Among the lines below, output only those between the line holding "PENAKALTENG, Palangka Raya" and the line holding "Xiaomi 15 Ultra ケース", inclusive, exactly as written and with no pictures.

- [DATASET EXTRACT]
----

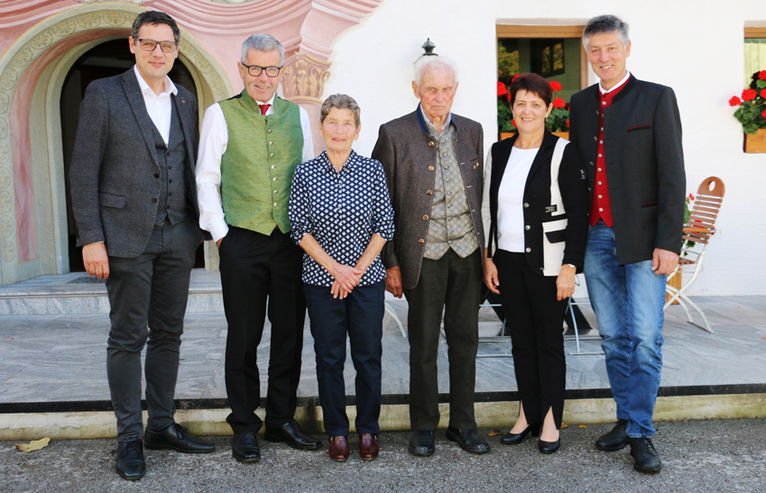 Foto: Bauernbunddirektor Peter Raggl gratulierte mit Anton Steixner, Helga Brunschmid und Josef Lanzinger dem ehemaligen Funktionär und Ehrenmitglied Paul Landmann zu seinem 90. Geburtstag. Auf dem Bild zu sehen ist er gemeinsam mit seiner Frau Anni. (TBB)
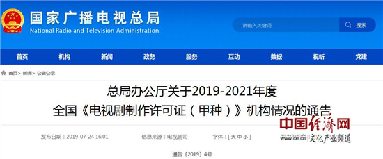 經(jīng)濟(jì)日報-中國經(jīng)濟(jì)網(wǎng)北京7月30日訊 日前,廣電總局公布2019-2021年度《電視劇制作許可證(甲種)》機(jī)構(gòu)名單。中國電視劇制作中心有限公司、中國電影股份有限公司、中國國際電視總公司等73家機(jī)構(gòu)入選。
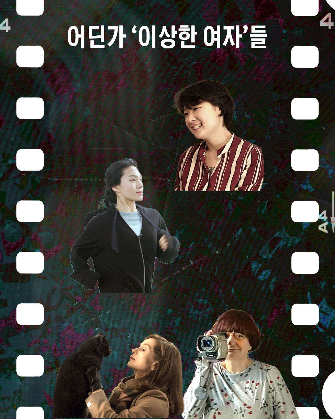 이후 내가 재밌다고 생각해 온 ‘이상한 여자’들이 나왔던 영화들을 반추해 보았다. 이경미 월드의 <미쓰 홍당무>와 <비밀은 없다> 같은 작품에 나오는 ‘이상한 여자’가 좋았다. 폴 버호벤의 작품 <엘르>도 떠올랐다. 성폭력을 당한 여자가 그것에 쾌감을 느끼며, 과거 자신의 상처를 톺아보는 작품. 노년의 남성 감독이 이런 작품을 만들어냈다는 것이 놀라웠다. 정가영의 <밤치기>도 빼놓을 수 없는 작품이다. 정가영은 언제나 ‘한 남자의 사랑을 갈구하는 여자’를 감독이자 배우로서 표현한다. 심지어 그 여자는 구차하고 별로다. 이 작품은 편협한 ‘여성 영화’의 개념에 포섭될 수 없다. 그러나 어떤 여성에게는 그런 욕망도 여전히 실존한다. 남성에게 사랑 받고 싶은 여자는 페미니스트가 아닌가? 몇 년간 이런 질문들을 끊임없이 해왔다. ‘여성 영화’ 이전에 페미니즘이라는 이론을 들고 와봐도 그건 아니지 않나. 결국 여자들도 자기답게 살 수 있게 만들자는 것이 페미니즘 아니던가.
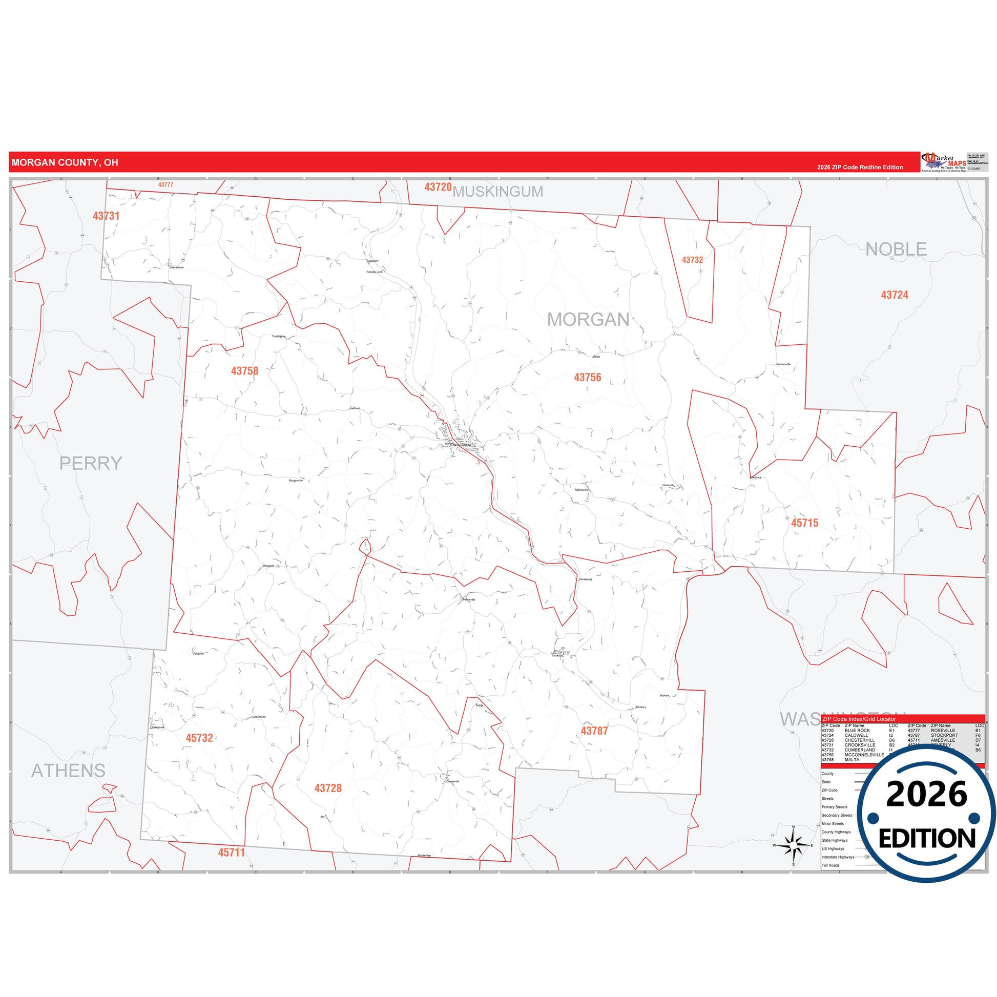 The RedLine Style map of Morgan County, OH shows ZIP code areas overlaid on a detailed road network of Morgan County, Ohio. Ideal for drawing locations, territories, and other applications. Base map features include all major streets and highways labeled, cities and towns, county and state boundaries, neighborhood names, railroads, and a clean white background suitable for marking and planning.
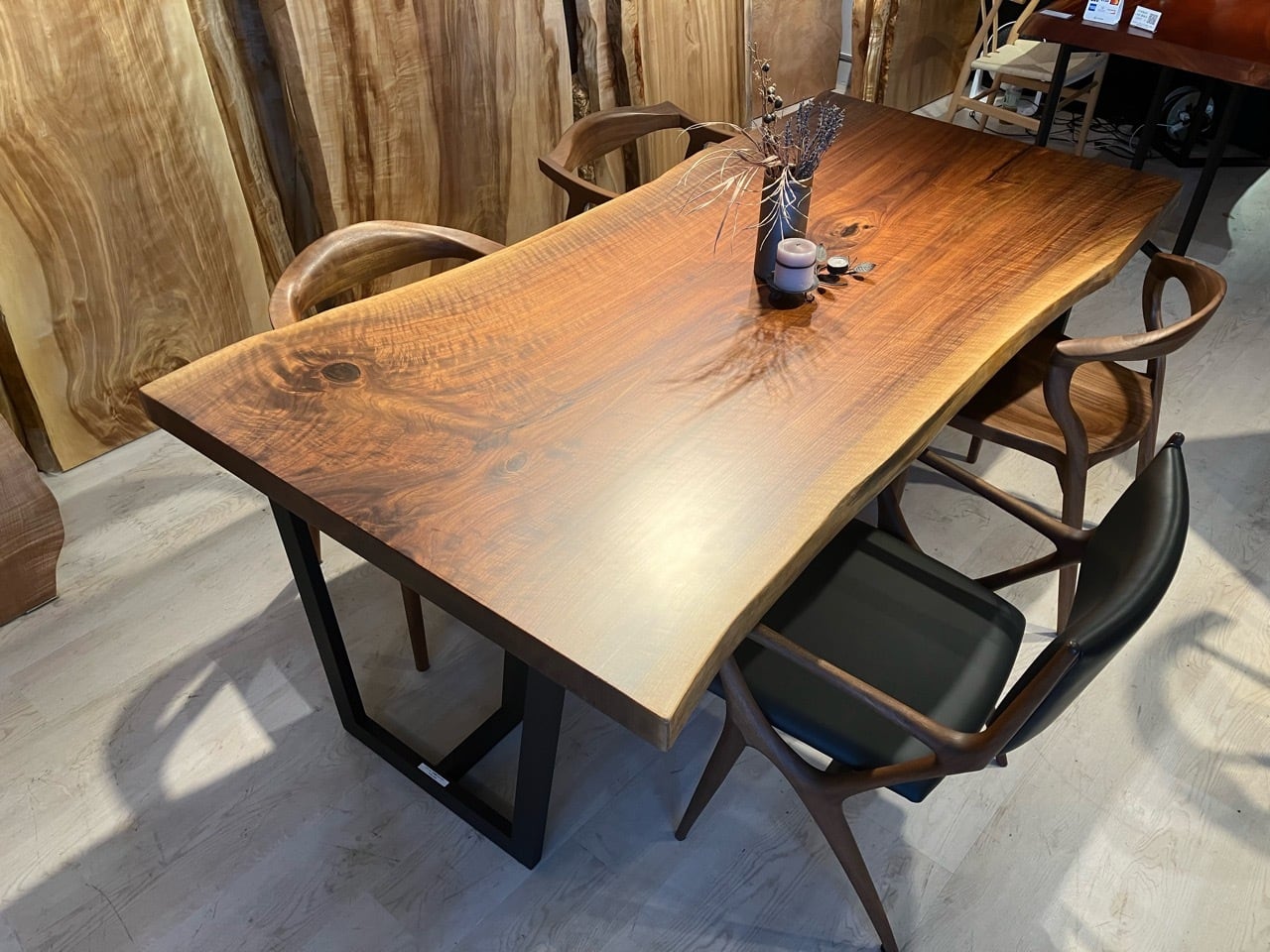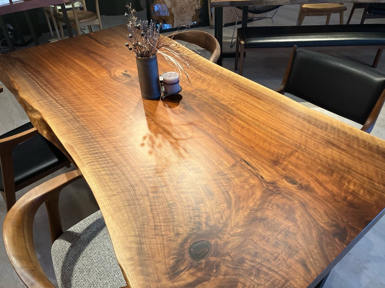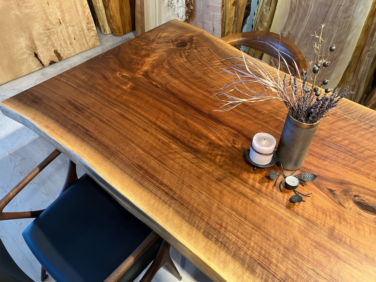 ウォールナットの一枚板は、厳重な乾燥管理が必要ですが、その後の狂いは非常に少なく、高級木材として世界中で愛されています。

----

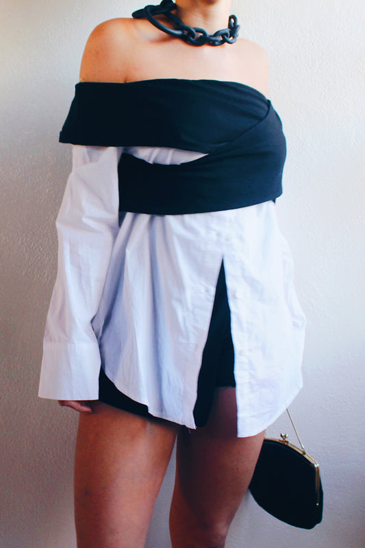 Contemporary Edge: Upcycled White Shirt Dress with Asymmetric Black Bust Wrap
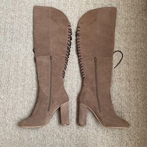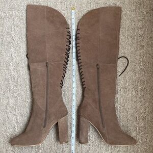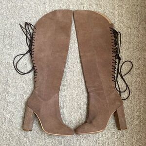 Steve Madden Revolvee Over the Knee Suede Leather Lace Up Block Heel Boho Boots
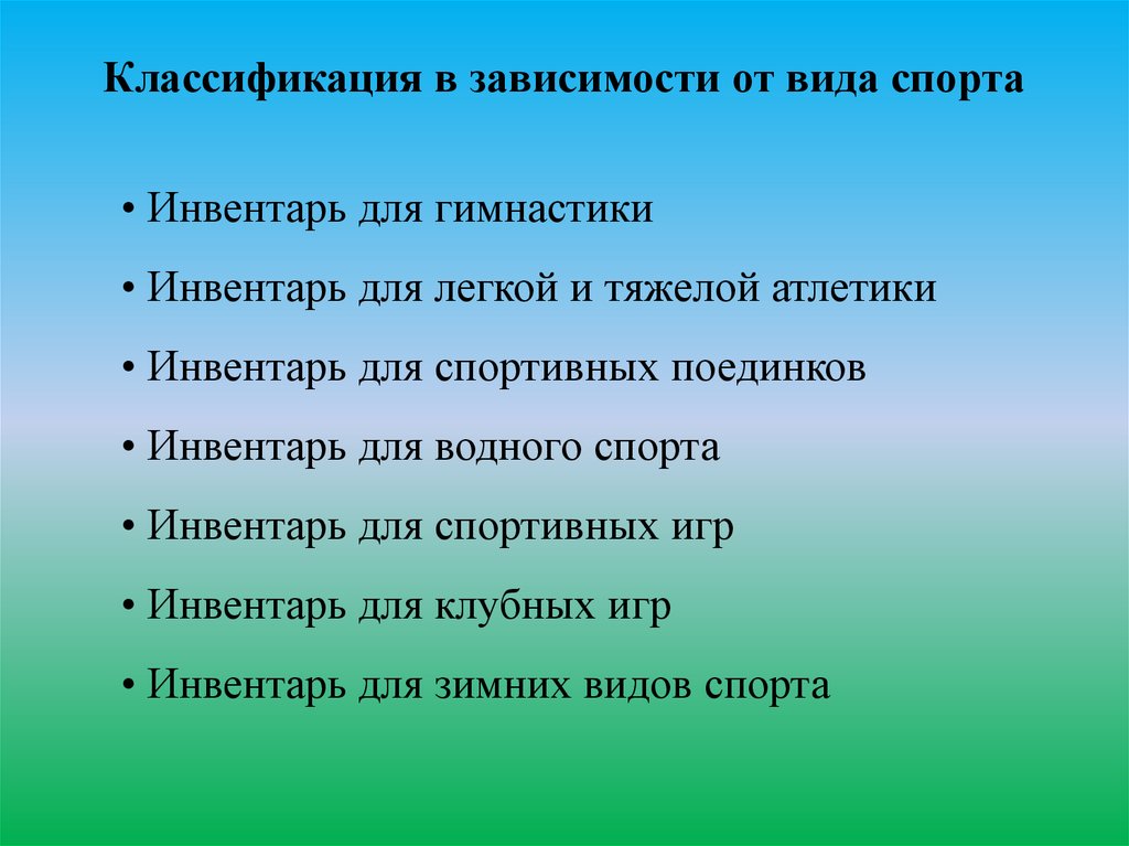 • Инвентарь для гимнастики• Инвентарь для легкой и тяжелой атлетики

----

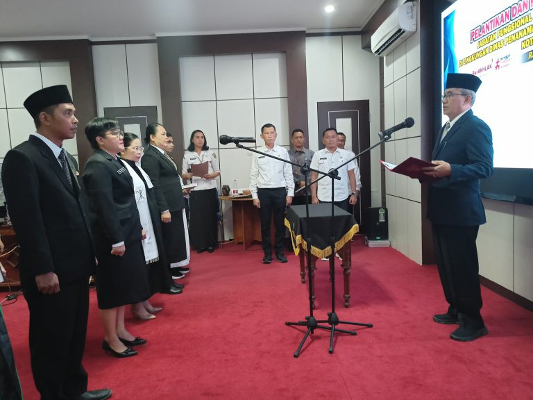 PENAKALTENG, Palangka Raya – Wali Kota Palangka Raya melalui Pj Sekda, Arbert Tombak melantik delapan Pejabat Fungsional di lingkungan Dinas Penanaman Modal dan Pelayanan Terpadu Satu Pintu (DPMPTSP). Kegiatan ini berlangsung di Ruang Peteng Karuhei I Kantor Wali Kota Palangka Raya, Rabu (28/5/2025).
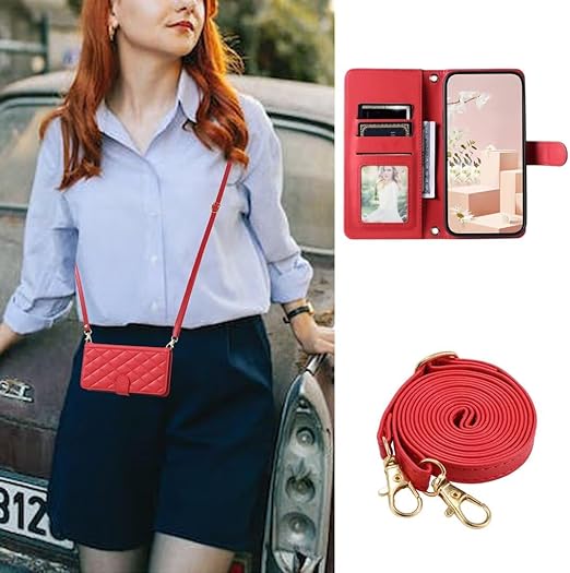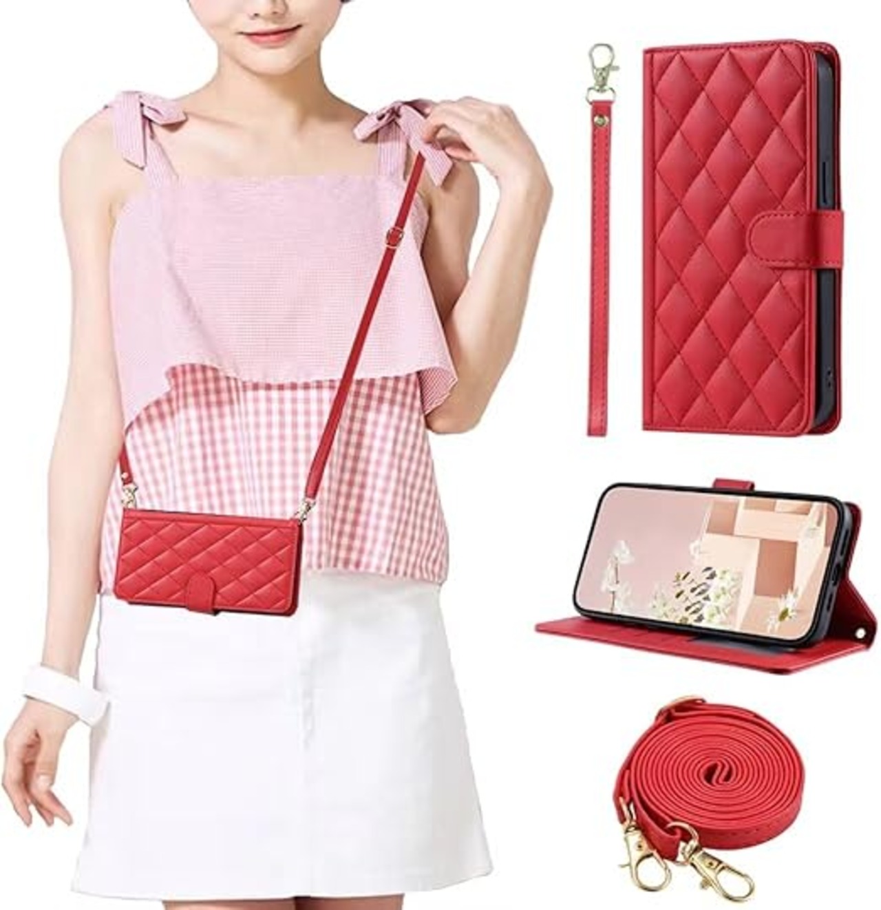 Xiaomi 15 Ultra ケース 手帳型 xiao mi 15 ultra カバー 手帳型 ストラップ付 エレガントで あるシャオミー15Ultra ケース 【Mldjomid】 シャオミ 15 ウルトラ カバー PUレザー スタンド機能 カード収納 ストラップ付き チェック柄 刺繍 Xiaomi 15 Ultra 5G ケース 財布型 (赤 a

----

- [ANSWER AREA]
 PENAKALTENG, Palangka Raya – Wali Kota Palangka Raya melalui Pj Sekda, Arbert Tombak melantik delapan Pejabat Fungsional di lingkungan Dinas Penanaman Modal dan Pelayanan Terpadu Satu Pintu (DPMPTSP). Kegiatan ini berlangsung di Ruang Peteng Karuhei I Kantor Wali Kota Palangka Raya, Rabu (28/5/2025).
 Xiaomi 15 Ultra ケース 手帳型 xiao mi 15 ultra カバー 手帳型 ストラップ付 エレガントで あるシャオミー15Ultra ケース 【Mldjomid】 シャオミ 15 ウルトラ カバー PUレザー スタンド機能 カード収納 ストラップ付き チェック柄 刺繍 Xiaomi 15 Ultra 5G ケース 財布型 (赤 a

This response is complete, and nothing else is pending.